* _Work item_
An exact reproduction of the lines below, from the first through the one with "Marithé + François", is the whole answer; pictures have no place in it.

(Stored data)
=== Section Start ===
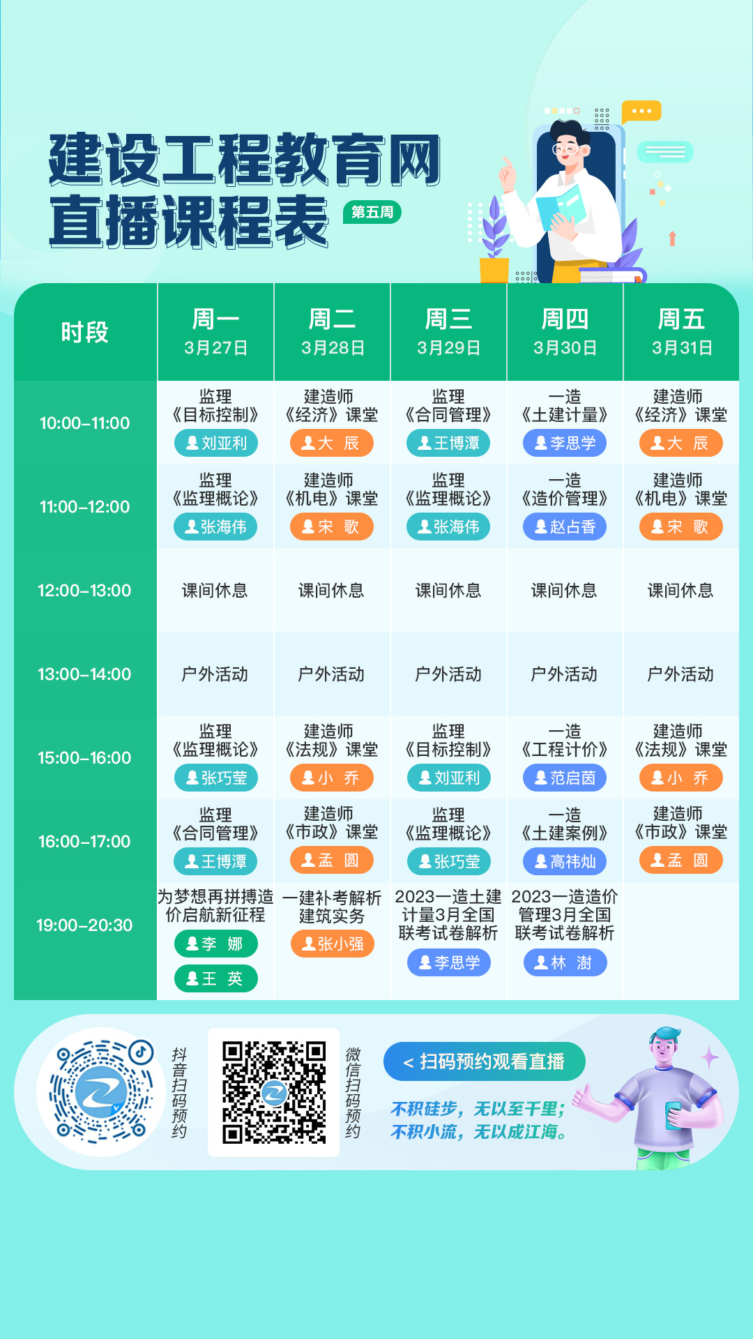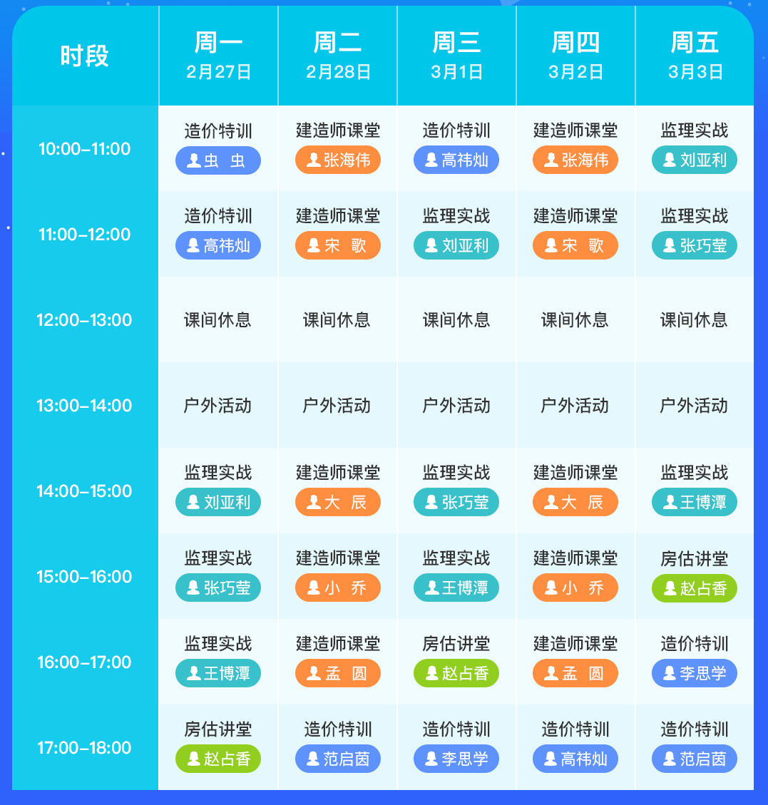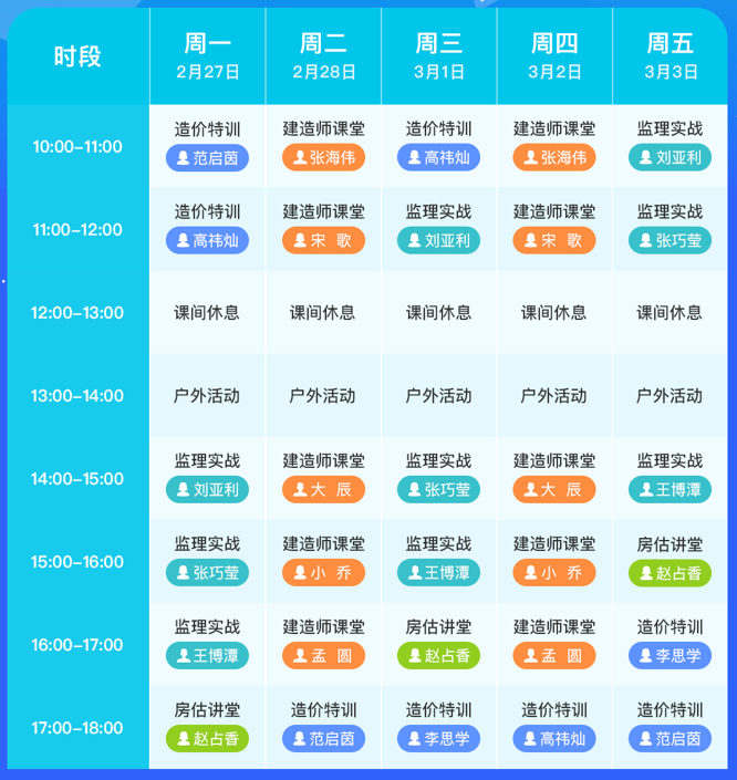直播時間:每周一至周五,各輔導直播安排見下方課表
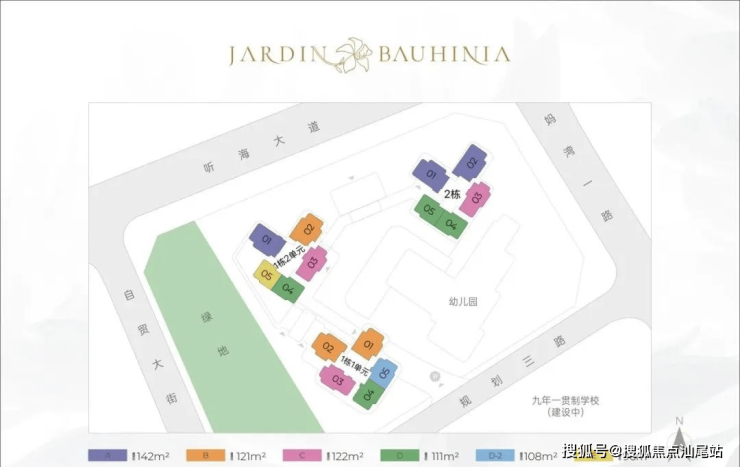 湾啟紫荆府,由招商集团打造,总占地面积约1.49万㎡,总建筑面积约10.6万㎡,计容建筑面积约6.68万㎡,容积率4.47,绿化率30.01%,共规划3栋总高36-37层住宅,其中1栋1单元/2单元住宅36F,2栋住宅37F,还配建有1所18班幼儿园。总规划485户,全部都是商品房住宅,4梯5户,地下室有2层,规划停车位597个, 车位占比1:1.23。
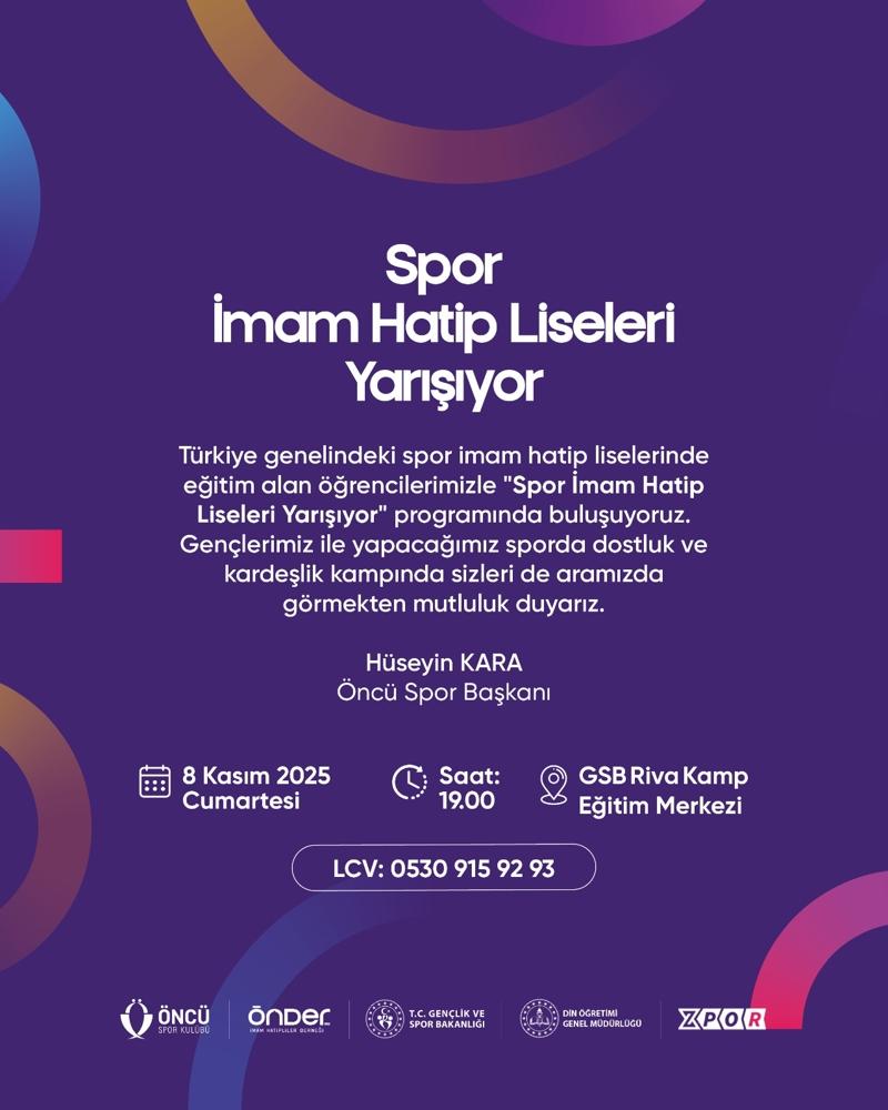 Öncü Spor Kulübü'nün gençleri ünlü spor adamlarıyla buluşturarak onlara bir vizyon çizmeyi hedeflediği "Spor İmam Hatip Liseleri Yarışıyor" programı, 7-9 Kasım 2025 tarihlerinde GSB Riva Kamp Eğitim Merkezi'nde yapılacak. Türkiye'nin dört bir yanındaki 35 spor imam hatip lisesinden katılacak gençler En Hızlı (40m), En Güçlü (Mekik Koşusu), En Çevik (Catchpad) ve Parkur Yarışmalarında karşılaşacak. Kazananlara ise çeşitli ödüller verilecek.
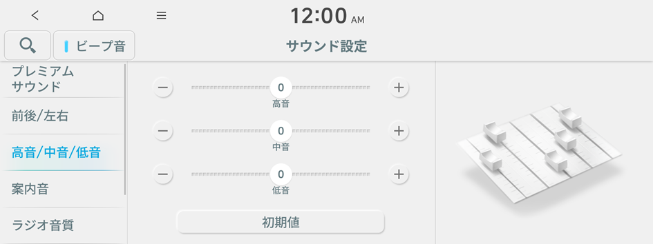 低音、中音、高音の各音域の強さ(出力レベル)を調節して、特定の音域の音をより強くまたは弱く出力するなどの設定をします。
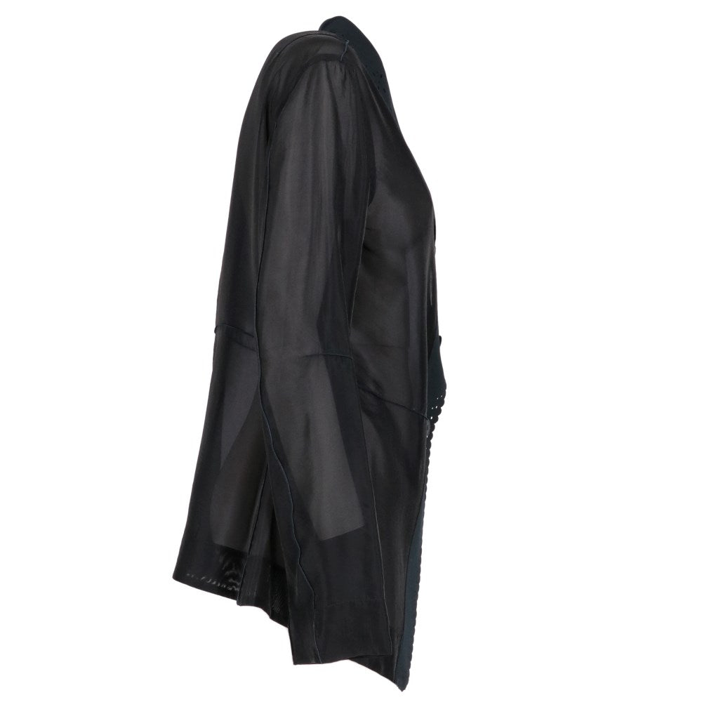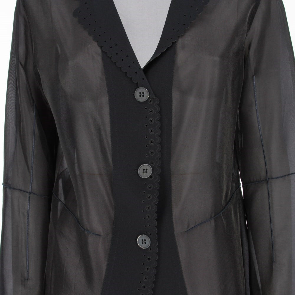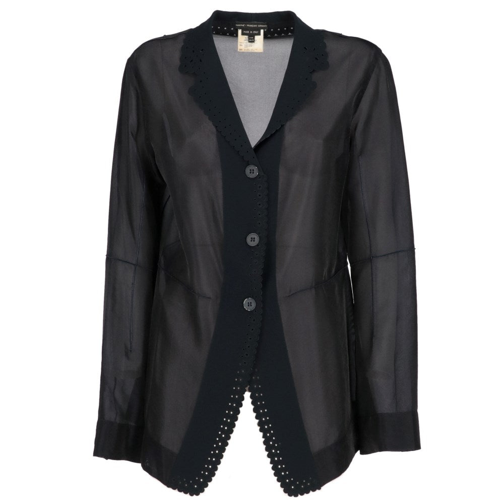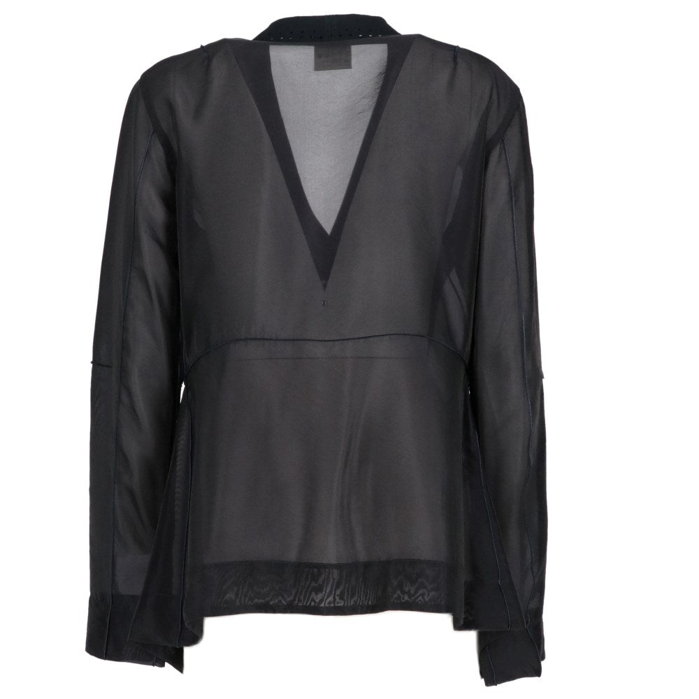 Marithé + François Girbaud semi-transparent 2000s blue cotton blouse. Collar with lapels with perforated details. Closure with front buttons.
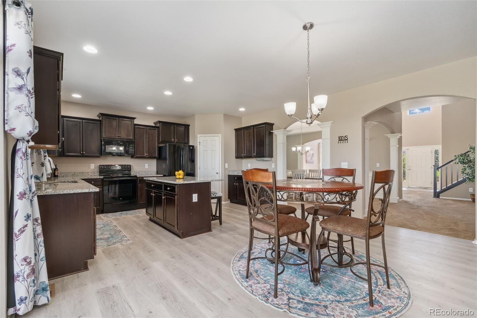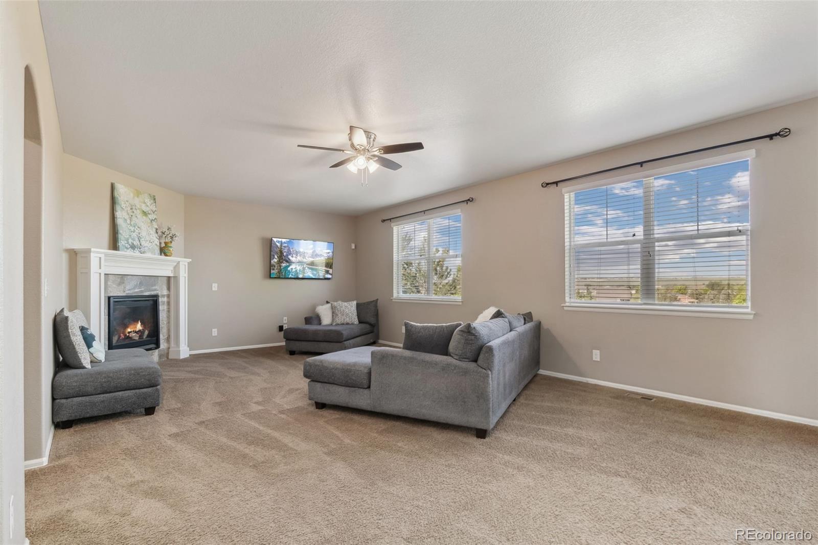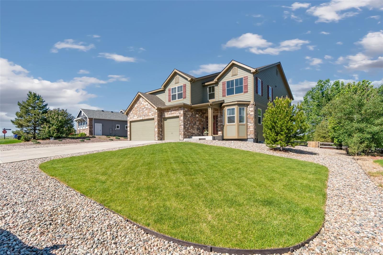Welcome to a home where space, style, and comfort come together in perfect harmony. Set against the backdrop of the 16th tee at Spring Valley Golf Club, with panoramic views of Pikes Peak and unforgettable sunsets, this expansive two-story residence offers a peaceful and elevated living experience. With 5 generously sized bedrooms and 5 bathrooms, this home is designed for both relaxation and entertaining. The main level blends formal and casual spaces seamlessly—from the elegant dining area to the expansive kitchen and great room, anchored by a sleek gas fireplace. The kitchen stands out with an eat-in island, ample cabinet storage, and a walk-in pantry—tailored for effortless hosting and daily living. A main-floor bedroom with a private ensuite adds flexibility, perfect for guests or multi-generational living, while a thoughtfully placed powder bath enhances convenience. Upstairs, the primary suite delivers a private escape, featuring a luxurious 5-piece bathroom with double vanities, a soaking tub, separate shower, and a spacious walk-in closet. A central loft area offers versatile potential—ideal for work, leisure, or creative pursuits. Three additional bedrooms, two additional full bathrooms, and a well-positioned laundry room complete the upper level. The full, unfinished basement invites endless possibilities, whether it's expanded living space, storage, or a custom project waiting to be realized. The 3-car garage offers abundant room for vehicles, tools, or workshop space. With a brand-new roof installed in May 2025, this home delivers not only beauty but long-term value. Located in Spring Valley Ranch, this is a rare opportunity to embrace comfort, privacy, and panoramic views in one remarkable setting. Come experience this home for yourself. You might just fall in love.
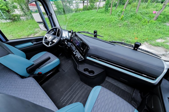 针对中长途卡友 “以车为家” 的核心需求,欧航 H 系列在舒适性与可靠性上实现了双重突破,让中长途运输从 “勉强支撑” 变为 “舒适享受”。2350mm 超宽车身搭配纯平地板设计,使驾驶室内部净高达 1930mm,95% 的成年人可在车内直立行走,活动空间大幅提升;1200mm 超宽卧铺搭配高密度海绵床垫,配合 440L 大容量储物空间,满足卡友休息与储物需求,再加上自动恒温空调、多媒体娱乐系统的加持,将驾驶室升级为兼具实用性与舒适性的 “移动生活舱”。而怠速静谧性表现与 6 向气囊减震座椅,更能有效过滤路面颠簸、隔绝外界噪音,显著降低长时间驾驶带来的疲劳感。在可靠性方面,欧航 H 系列历经高温、高寒、高原的 “三高” 环境验证与等效百万公里强化耐久测试,1500MPa 热成型钢车身(高强钢占比 62%)通过欧盟 ECE R29-03 碰撞认证,核心部件均源自全球一流供应商体系,再加上发动机 10 万公里、变速箱 24 万公里的长周期保养间隔,大幅降低了车辆维修频次与停运时间,彻底解决了卡友 “怕故障、常维修” 的后顾之忧。
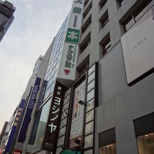 銀座4丁目の交差点から中央通りをワンブロック京橋方面に進んだ角にある書店です。
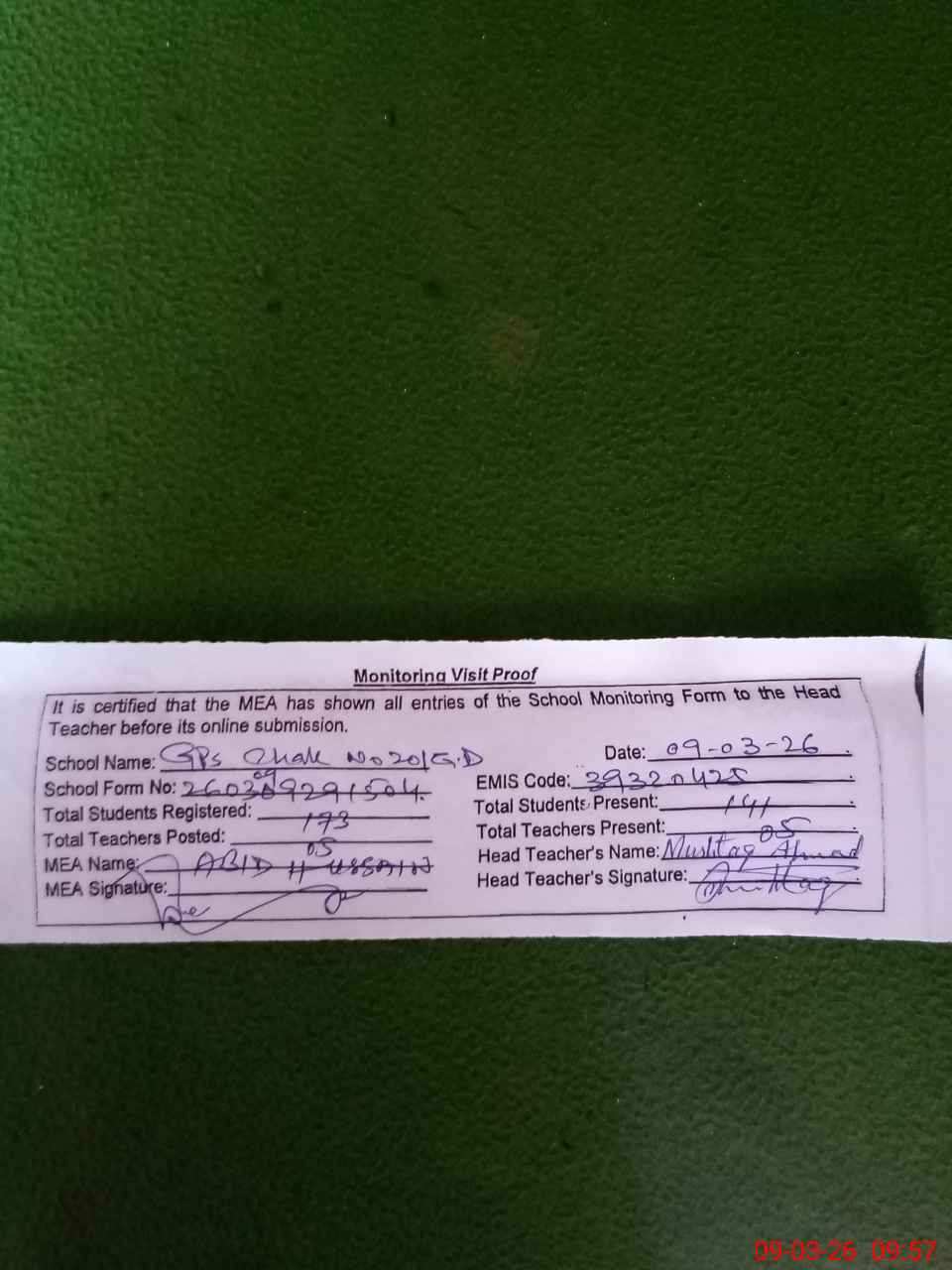 | EMIS Code: 39320425 | Name of School: GPS CHAK NO. 20/G.D | |||
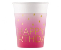 #ZKU Kubeczki papierowe Pink Happy Birthday, Decorata, FSC, 200 ml, 8 szt.
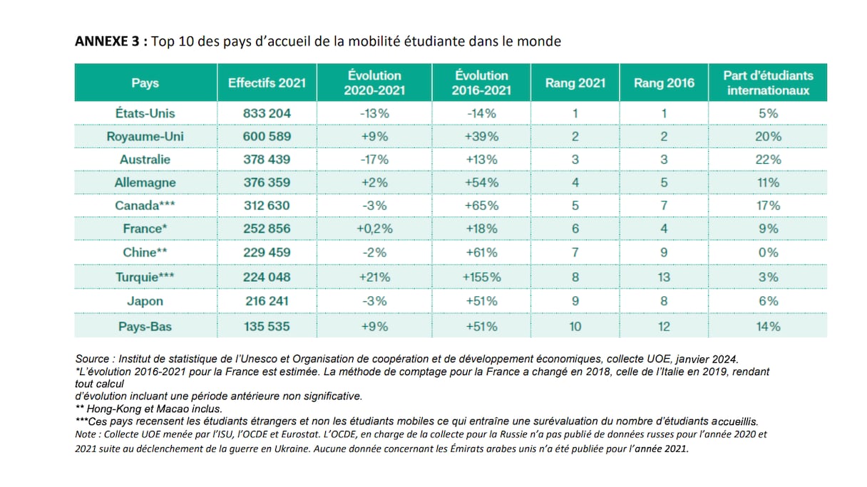 | Pays | Nombre d’étudiants 2022/2023 | Part du total monde | Rang mondial |
=== Section End ===
* _Exercise solution_
直播時間:每周一至周五,各輔導直播安排見下方課表
 湾啟紫荆府,由招商集团打造,总占地面积约1.49万㎡,总建筑面积约10.6万㎡,计容建筑面积约6.68万㎡,容积率4.47,绿化率30.01%,共规划3栋总高36-37层住宅,其中1栋1单元/2单元住宅36F,2栋住宅37F,还配建有1所18班幼儿园。总规划485户,全部都是商品房住宅,4梯5户,地下室有2层,规划停车位597个, 车位占比1:1.23。
 Öncü Spor Kulübü'nün gençleri ünlü spor adamlarıyla buluşturarak onlara bir vizyon çizmeyi hedeflediği "Spor İmam Hatip Liseleri Yarışıyor" programı, 7-9 Kasım 2025 tarihlerinde GSB Riva Kamp Eğitim Merkezi'nde yapılacak. Türkiye'nin dört bir yanındaki 35 spor imam hatip lisesinden katılacak gençler En Hızlı (40m), En Güçlü (Mekik Koşusu), En Çevik (Catchpad) ve Parkur Yarışmalarında karşılaşacak. Kazananlara ise çeşitli ödüller verilecek.
 低音、中音、高音の各音域の強さ(出力レベル)を調節して、特定の音域の音をより強くまたは弱く出力するなどの設定をします。
 Marithé + François Girbaud semi-transparent 2000s blue cotton blouse. Collar with lapels with perforated details. Closure with front buttons.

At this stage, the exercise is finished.